◆ Activity
Of the lines below, write out exactly those from the line with "The Nifty Next" through the line with "Stay stylish with", both included, and skip the rest.

◆ Information shown

##############################

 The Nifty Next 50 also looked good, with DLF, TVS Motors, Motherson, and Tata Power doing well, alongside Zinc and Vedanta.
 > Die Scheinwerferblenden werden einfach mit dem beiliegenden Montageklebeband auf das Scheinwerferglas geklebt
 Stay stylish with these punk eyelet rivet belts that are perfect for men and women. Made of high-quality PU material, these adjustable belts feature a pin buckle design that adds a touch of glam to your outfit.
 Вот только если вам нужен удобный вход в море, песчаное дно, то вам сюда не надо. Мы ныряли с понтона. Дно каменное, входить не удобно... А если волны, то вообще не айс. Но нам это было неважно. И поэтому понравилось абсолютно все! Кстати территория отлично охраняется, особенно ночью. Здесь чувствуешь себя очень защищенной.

##############################

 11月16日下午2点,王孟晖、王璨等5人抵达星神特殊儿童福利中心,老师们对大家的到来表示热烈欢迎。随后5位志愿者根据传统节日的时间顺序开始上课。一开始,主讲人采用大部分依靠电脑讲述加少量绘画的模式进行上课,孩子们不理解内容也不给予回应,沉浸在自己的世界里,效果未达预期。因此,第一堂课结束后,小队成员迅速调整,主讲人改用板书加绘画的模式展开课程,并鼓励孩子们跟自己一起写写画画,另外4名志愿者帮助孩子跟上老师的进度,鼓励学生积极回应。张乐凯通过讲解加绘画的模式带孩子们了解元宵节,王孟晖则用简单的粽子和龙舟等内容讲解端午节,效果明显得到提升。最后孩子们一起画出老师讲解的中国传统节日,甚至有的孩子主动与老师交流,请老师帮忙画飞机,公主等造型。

##############################

◆ Exercise answer
 The Nifty Next 50 also looked good, with DLF, TVS Motors, Motherson, and Tata Power doing well, alongside Zinc and Vedanta.
 > Die Scheinwerferblenden werden einfach mit dem beiliegenden Montageklebeband auf das Scheinwerferglas geklebt
 Stay stylish with these punk eyelet rivet belts that are perfect for men and women. Made of high-quality PU material, these adjustable belts feature a pin buckle design that adds a touch of glam to your outfit.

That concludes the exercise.